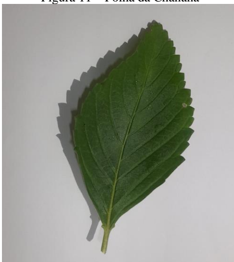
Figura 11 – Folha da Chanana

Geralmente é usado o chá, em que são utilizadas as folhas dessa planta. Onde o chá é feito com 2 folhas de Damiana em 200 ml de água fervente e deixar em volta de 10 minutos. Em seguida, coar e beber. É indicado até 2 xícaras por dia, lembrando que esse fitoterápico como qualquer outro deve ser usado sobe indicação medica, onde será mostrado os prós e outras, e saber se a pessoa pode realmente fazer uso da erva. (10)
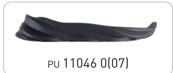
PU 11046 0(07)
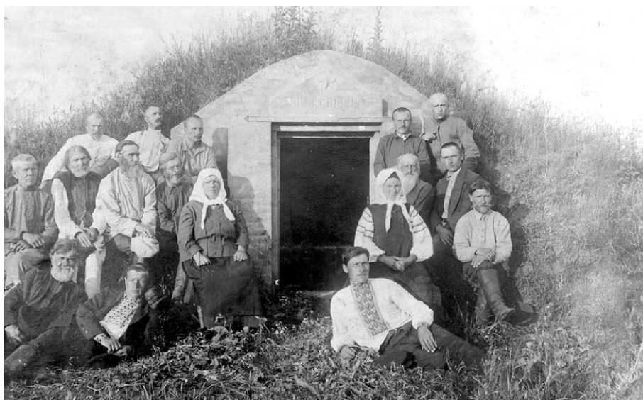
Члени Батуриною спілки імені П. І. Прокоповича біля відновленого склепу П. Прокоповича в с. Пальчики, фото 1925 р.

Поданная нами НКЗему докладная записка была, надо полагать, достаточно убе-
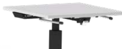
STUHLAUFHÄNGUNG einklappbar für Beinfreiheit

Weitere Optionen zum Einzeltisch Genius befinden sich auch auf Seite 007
--
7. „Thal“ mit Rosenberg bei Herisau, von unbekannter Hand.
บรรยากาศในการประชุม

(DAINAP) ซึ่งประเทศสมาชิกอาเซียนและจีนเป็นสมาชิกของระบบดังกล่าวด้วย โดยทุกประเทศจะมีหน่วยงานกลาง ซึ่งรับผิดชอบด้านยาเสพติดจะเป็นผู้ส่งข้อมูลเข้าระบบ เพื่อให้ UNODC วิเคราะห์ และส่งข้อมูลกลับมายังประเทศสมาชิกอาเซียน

**Problem:** Of all the entries above, repeat only the lines from the line that has "STUHLAUFHÄNGUNG einklappbar für Beinfreiheit" to the line that has "Weitere Optionen zum", both lines included, exactly.

**Response:**
STUHLAUFHÄNGUNG einklappbar für Beinfreiheit

Weitere Optionen zum Einzeltisch Genius befinden sich auch auf Seite 007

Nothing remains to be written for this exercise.